[[ Input for this task, beginning ]]
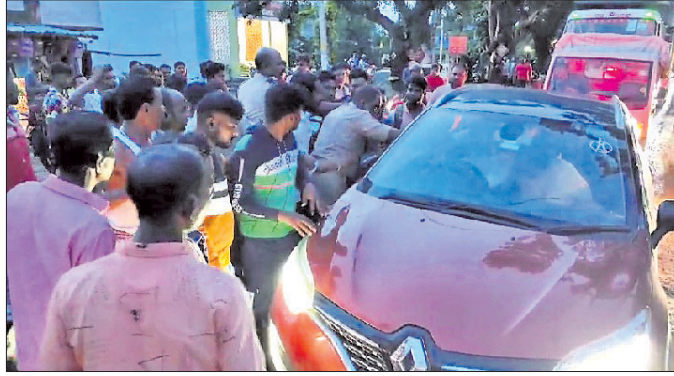
ଦୁର୍ଘଟଣାପରେ ସ୍ଥାନୀୟ ଲୋକେ ରାସ୍ତାରେ କରୁଛନ୍ତି

ବାରଙ୍ଗ ଥାନା ଅଧୀନ ବାରଙ୍ଗ- ବାଙ୍କୀ ରାସ୍ତାର ପୁଣ୍ୟପୁରାଣ ଖେଳପଡ଼ିଆ ଆଗରେ ଏକ ୧୦ ଚକିଆ ତ୍ରୁକ ଗୁରୁବାର ସନ୍ଧ୍ୟାରେ ଜଣେ ସାଇକେଲ ଆରୋହୀଙ୍କୁ ପଛପଟରୁ ଧକ୍କା ଦେଇ ତାଙ୍କ ଉପରେ ଚଢ଼ି ଯିବାକୁ ଘଟଣାସ୍ଥଳରେ ତାଙ୍କର ମୃତ୍ୟୁ ଘଟିଛି। ଦୁର୍ଘଟଣା ଘଟଣା ତ୍ରୁକ ଚଳାଇ ଘଟଣାସ୍ଥଳରୁ ଫେରାର ହୋଇଯାଇଛନ୍ତି। ଏହାକୁ ନେଇ ସ୍ଥାନୀୟ ଗ୍ରାମର ଉତ୍ତମକୁ ଲୋକ ମୃତକଙ୍କ ପରିବାରକୁ କ୍ଷତିପୂରଣ ଦାବି ନେଇ ରାସ୍ତା ଅବରୋଧ କରିଥିଲେ। ବାରଙ୍ଗ ପୋଲିସ ଘଟଣାସ୍ଥଳରେ ପହଞ୍ଚି ବୁଧାଶୁକ୍ଳ ପରେ ଅଧ୍ୟକ୍ଷରେ ରାସ୍ତା ଅବରୋଧ ହଟିଥିଲା। ପୋଲିସ ଉକ୍ତ ଦୁର୍ଘଟଣା ଘଟଣାପ୍ରସଙ୍ଗ ତ୍ରୁକକୁ ଜବତ କରିବା ସହ ଏକ ଅପମୃତ୍ୟୁ ମାମଲା
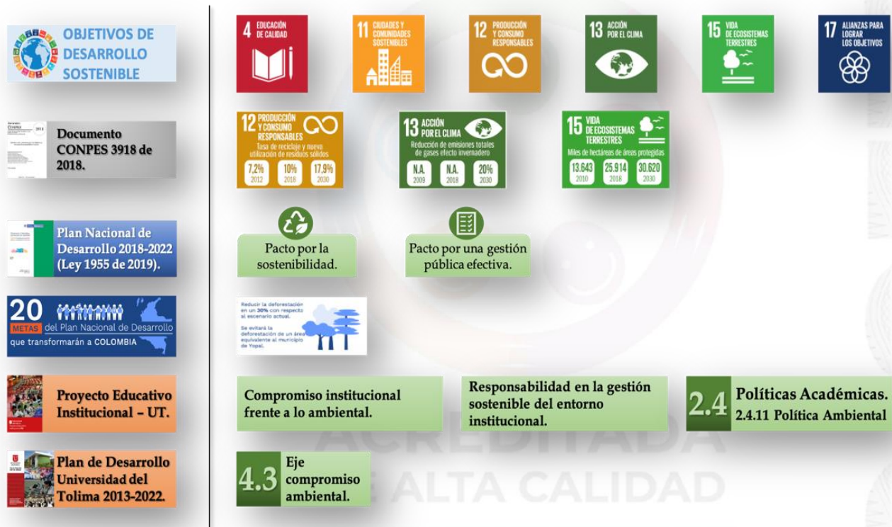
Figura 2. Principales retos a nivel institucional, nacional e internacional en los que se articula la Política Ambiental de la Universidad del Tolima.

De igual forma, la Política Ambiental se articula bien como la Dimensión 3: Responsabilidades, porque en esta se dispone toda la capacidad institucional al servicio de uso y manejo sostenible de todas las áreas en donde la Universidad del Tolima tiene influencia.
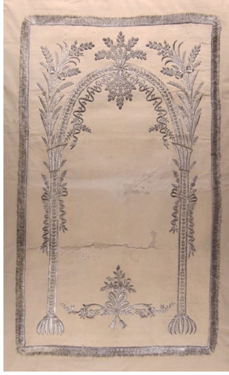
Fotoğraf 13: İstanbul Vakıflar Halı Müzesinde bulunan keçe seccade.

üzerine, sarı renkli sim veya metal iplerle dival tekniğinde desenler işlenmiştir. (Fotoğraf 12) Zeminde ince sütunlarla taşınan süslü bir mihrap motifi, kenarlarda bir sıra halinde zikzak dal üzerinde ince yaprak ve çiçeklerden oluşan bordür ve altta vazo içerisinde büyük bir çiçek demeti yer alır. Bordürün dört köşesinde içe doğru çiçek demetleri uzanır. Sütunların kaideleri kafes şeklinde dekore edilmiştir. Mihrap kemeri ince kıvrım dallar, çiçekler ve yapraklarla süslüdür. Mihrap tepesinden aşağı doğru sarkan büyük bir asma kandil ve yanlarda daha küçük ölçülerde askılar yer alır. Müzede aynı özelliklere sahip 4 adet keçe seccade daha bulunmaktadır.
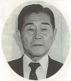
工藤 嘉太郎(68) 自民現
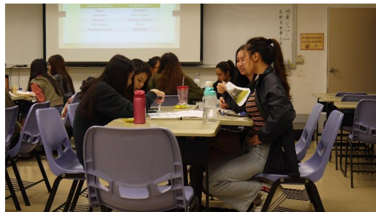
小組進行活動討論與構思呈現方式
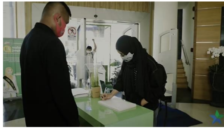
Gambar 1. Pemustaka mengisi buku pengunjung

Pada gambar di atas dapat dilihat bahwa pengunjung perpustakaan melakukan kegiatan menulis untuk mengisi daftar pengunjung perpustakaan. Kegiatan tersebut dilakukan secara manual dengan diawasi oleh petugas yang jika dilihat berdasarkan penampilannya adalah seorang satpam.
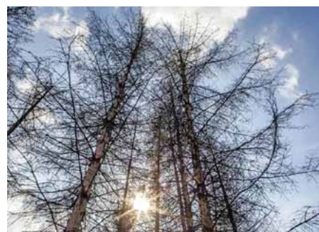
Les zdecimovaný kůrovcem
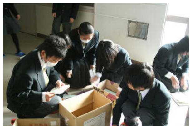
各クラスで集めた雑紙はまとめて業者へ
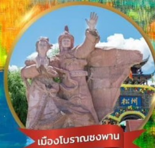
เมืองโบราณชงฟาน
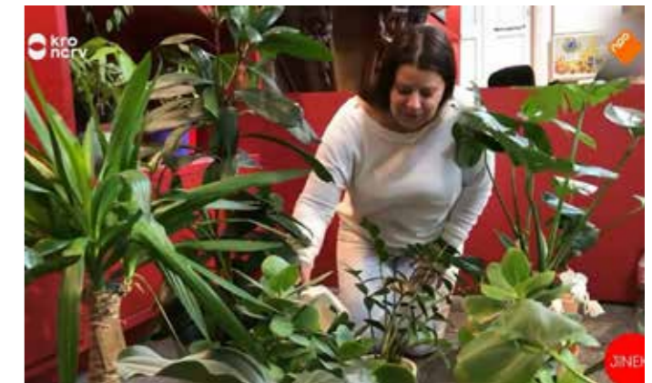
Onze plantvakantie komt langs bij het televisieprogramma Jinek, 2 aug 2019.
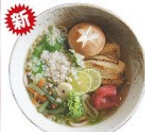
田舎のそば屋に嫁、すだち、神山鶏、 糠床、そば米など、神山の食材を すべてトッピング!! 790円
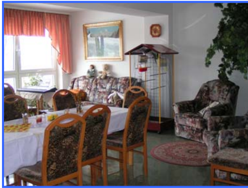
- Wohnbereich -
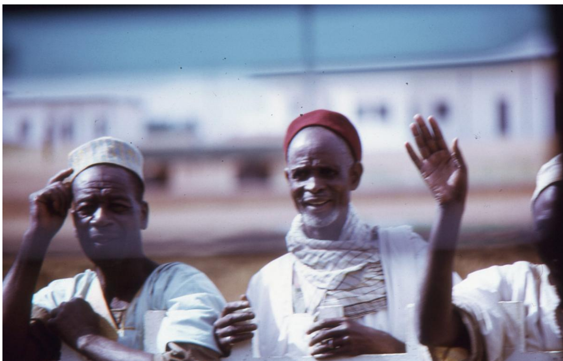
II Cam 3.01 : accueil amical à l'arrivée du train à Ngaoundéré, capitale de la région administrative Adamaoua (1974).

Au final, à l'issue de notre visite, il n'est pas exagéré de dire que ce « nord » (en réalité un petit nord), à cheval sur deux régions administratives limitrophes, Adamaoua et Nord, géologiquement et écologiquement totalement différentes, que ce «nord» donc, s'identifie à une Nature à l'état pure : la beauté préservée des paysages accompagne une existence paisible d'animaux qui n'ont de sauvages que le fait d'être libres.
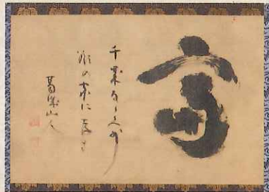
「富」ならびに脇書 (黒川古文化研究所所蔵)
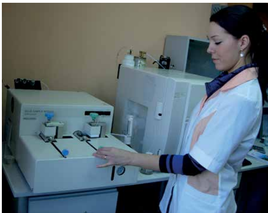
Фото № 3. Анализ твердых проб на комплексном TOC-анализаторе производства корпорации SHIMADZU, включающем приставку SSM-5000A

лишь появлением осадка солей в кристаллической форме, который можно легко смыть подкисленным раствором даже в автоматическом режиме. Это дает возможность использовать приборы серии TOC-L без замены катализатора в течение нескольких лет. Что же касается TOC-анализаторов, в которых применяется метод конверсии, сочетающий химическое окисление и УФ-облучение (эта серия приборов у корпорации SHIMADZU имеет аббревиатуру TOC-V W), то следует отметить одну важную особенность – эти приборы можно использовать для анализа проб воды особой чистоты (с содержанием TOC на уровне 0,5 мкг/л), что превышает возможности анализаторов серии TOC-L (нижний предел измерения которых составляет 4 мкг/л) за счет особенности процесса химического окисления, при котором реактор способен перерабатывать пробы воды, объем которых больше на порядок. Повышенную чувствительность анализаторов серии TOC-V W редко используют для контроля в фармацевтической отрасли, но она представляет большой интерес для
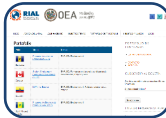
Portafolio de Programas
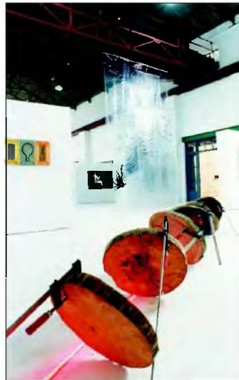
Από την πρώτη έκθεση στο NiMAC Το Δέντρο Πηγή Έμπνευσης, Αφορμή Δημιουργίας .

Μια οπτικοακουστική αναδρομή στην πολυχρονη ιστορία του Κέντρου Τεχνών μέσα από το πλούσιο αρχείο του NiMAC. Η έκθεση άνοιξε τις πύλες της για το κοινό στις 15 Οκτωβρίου 2 και θα ολοκληρωθεί στις 30
[[ Input for this task, end ]]
Exercise instructions: Return each line of the entries that holds the string "έκθεση".

Solved problem:
Από την πρώτη έκθεση στο NiMAC Το Δέντρο Πηγή Έμπνευσης, Αφορμή Δημιουργίας .
Μια οπτικοακουστική αναδρομή στην πολυχρονη ιστορία του Κέντρου Τεχνών μέσα από το πλούσιο αρχείο του NiMAC. Η έκθεση άνοιξε τις πύλες της για το κοινό στις 15 Οκτωβρίου 2 και θα ολοκληρωθεί στις 30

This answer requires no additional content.